Skechers GoMeb Speed 6 Hyper
The GoMeb Speed 6 is literally Skechers’ no-nonsense lightweight racing flat. It’s simple and to the point.
In the upper, you’ve got a translucent mesh that you may have seen in shoes like the Speed Trail Hyper or the Skechers Speed Elite.
As far as the concept, it is as simple as it comes, but it is very effective in holding your foot in place.
There’s some nylon mesh in the midfoot to add just a bit more structure on the midfoot. The heel has got an external heel counter. It’s sturdy and keeps the shoe stable enough to be effective when combined with the minimal upper.
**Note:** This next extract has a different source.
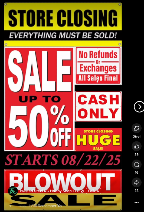 Twisted Steel RC Hobby Shop in Roseburg is closing its doors. The store confirmed it is going out of business, urging customers to use credits and warranties soon. A cash-only blowout sale with up to 50% off starts August 22, 2025. All sales final, no refunds or exchanges.

It’s just enough to get the job done.
There’s almost no padding on the heel cup or anywhere else on the upper, but for the purpose of being a racer, it is comfortable.
The GoMeb Speed is very breathable and the only gripe is that the mesh does take a couple of runs to break in.
The toe box is about average, not too wide and not too narrow. It has the typical fit of a traditional racing flag.
The bread and butter of this shoe is the Hyper Burst midsole. Just in case this is the first time that you’ve heard of it, Hyper Burst is life.
As simple as the shoe is, the ride is fast and nimble and has that extra bounce that runners like.
It’s a very light material so you don’t get that bottom-heavy feeling that sometimes comes with shoes with light uppers.
When you put this Skechers on, you’re going to feel fast, snappy, quick, responsive, all those buzz words.
You’re not going to get a nice long run feeling of plushness and comfort in this shoe, though.
Shoes like the Skechers GoRun Ride 8 or the Max Road 4 also have Hyper Burst and a lot more of it. Those are built for comfort. On the other hand, the GoMeb Speed 6 is for speed.
But unless you’re one of those elite joggers who can really maintain that fast pace at extended distances, you might use this shoe from a road mile all the way to a half marathon.
Personally, I think this is an ideal 5k, 10k shoe, but everyone is different.
What actually surprised me is the inclusion of the GoodYear rubber throughout the outsole, which is a response to Adidas’ Continental rubber.
I can’t think of many shoes that are this light and still have that full coverage rubber. The grip on these shoes will not fail you.
It’s always reassuring to feel at ease knowing there’s something protecting this shoe and your feet from the pavement.
Is there a carbon plate inside?
The answer is yes and no.
There is a plate, but it is not like the carbon plate that you see in the Vapor Fly, the Carbon X, or the Skechers Speed Elite.
This is a Pebax plate sandwiched right between the midsole, which helps keep the shoe fast and stable at faster speeds.
Yes, it makes the shoe faster, but you’re not going to get that crazy spring forward feeling that you get in other shoes like the Vapor Fly or the Speed Elite.
So, the Skechers GoMeb Speed 6 is exactly what it looks like, a no-nonsense nice fast minimal racing flat. It’s maybe for a road mile and maybe for a full marathon if you’re one of those people.
One last thing, the GoMeb Speed fits a half size down from normal running shoe size, which means it’s narrow and that’s good news for folks with narrow feet and narrow heels.
So there you have it. These were some of the best running shoes for narrow feet if you really want to enjoy running once again.
Last but not least, make sure you lace your running shoes appropriately to get the best heel hold and midfoot lockdown.